The CAP theorem isn’t a choice of two out of three; for any practical distributed system, network partitions are a given. The real engineering work lies in navigating the trade-offs between Consistency and Availability during these partitions. Google Cloud Pub/Sub, a globally distributed messaging system, is designed with a strong bias towards Availability (AP). It guarantees at-least-once message delivery, ensuring that subscribers can almost always receive messages as long as they can reach a Google front-end. This is excellent for system decoupling and resilience, but it offloads the consistency problem to the consumer. A common mistake is to treat “at-least-once” as sufficient, leading to subtle bugs in production when duplicate messages trigger non-idempotent operations, causing data corruption or erroneous financial transactions.
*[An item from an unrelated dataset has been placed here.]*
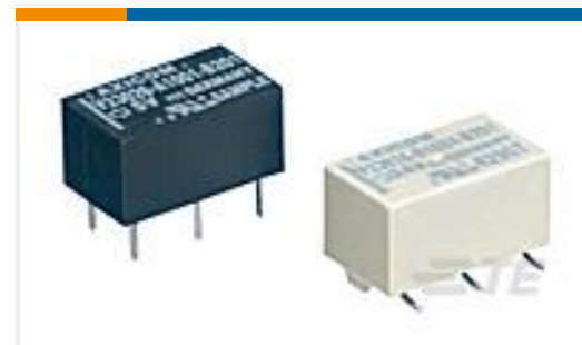
TE 产品编号1393774-8 V23026A1002B201

The challenge is to build a consumer that enforces “effectively-once” processing on top of an AP system. This requires shifting the balance from high availability towards stronger consistency at the application layer. We will implement this by building a Go Kit-based microservice that consumes from Pub/Sub, using an external state store (like Redis) to manage idempotency. This architecture makes the CAP trade-off explicit: our service’s ability to process new messages becomes dependent on the availability of our consistency-enforcing layer.
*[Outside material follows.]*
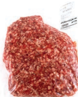
SAL915 SALSICCIA IMPASTO B.
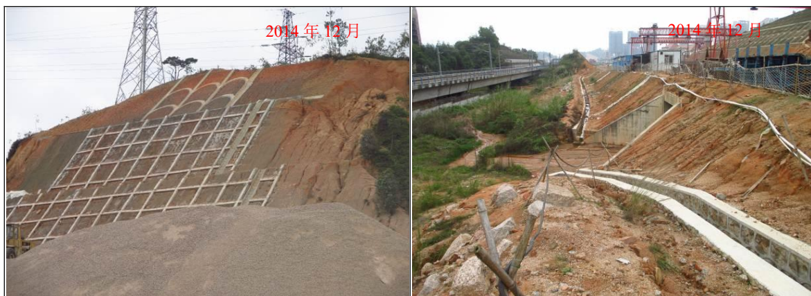
高边坡分级防护，实施拱形浆砌石及钢筋锚索格构梁护坡；路基修筑浆砌石排水沟

graph TD subgraph "Google Cloud" Publisher --"Message (ID: M1)"--> PubSubTopic PubSubTopic --"At-least-once delivery"--> PubSubSubscription end subgraph "Consumer Service (Go Kit)" PubSubSubscription --"pull(M1)"--> SubscriberTransport SubscriberTransport --"decode()"--> IdempotencyMiddleware IdempotencyMiddleware --"1. check(M1)"--> Redis Redis --"2. M1 not found"--> IdempotencyMiddleware IdempotencyMiddleware --"3. invoke()"--> BusinessEndpoint BusinessEndpoint --"4. process()"--> BusinessDatabase BusinessDatabase --"5. success"--> BusinessEndpoint BusinessEndpoint --"6. success"--> IdempotencyMiddleware IdempotencyMiddleware --"7. set(M1)"--> Redis Redis --"8. OK"--> IdempotencyMiddleware IdempotencyMiddleware --"9. success"--> SubscriberTransport SubscriberTransport --"10. ack(M1)"--> PubSubSubscription end subgraph "Duplicate Delivery Scenario" PubSubSubscription --"pull(M1) again"--> SubscriberTransport_Dup SubscriberTransport_Dup --> IdempotencyMiddleware_Dup IdempotencyMiddleware_Dup --"1. check(M1)"--> Redis Redis --"2. M1 found"--> IdempotencyMiddleware_Dup IdempotencyMiddleware_Dup --"3. skip logic, return success"--> SubscriberTransport_Dup SubscriberTransport_Dup --"4. ack(M1)"--> PubSubSubscription end style Redis fill:#f9f,stroke:#333,stroke-width:2px style BusinessDatabase fill:#ccf,stroke:#333,stroke-width:2px
The fundamental problem this architecture solves is preventing side effects from duplicate message processing. Our design introduces a deliberate coupling to a stateful component (Redis) to act as a source of truth for message processing history. If Redis is unavailable, our consumer must stop processing messages to avoid violating our consistency guarantee. This is the trade-off in action: we sacrifice the availability of our message processing pipeline for the consistency of our business state.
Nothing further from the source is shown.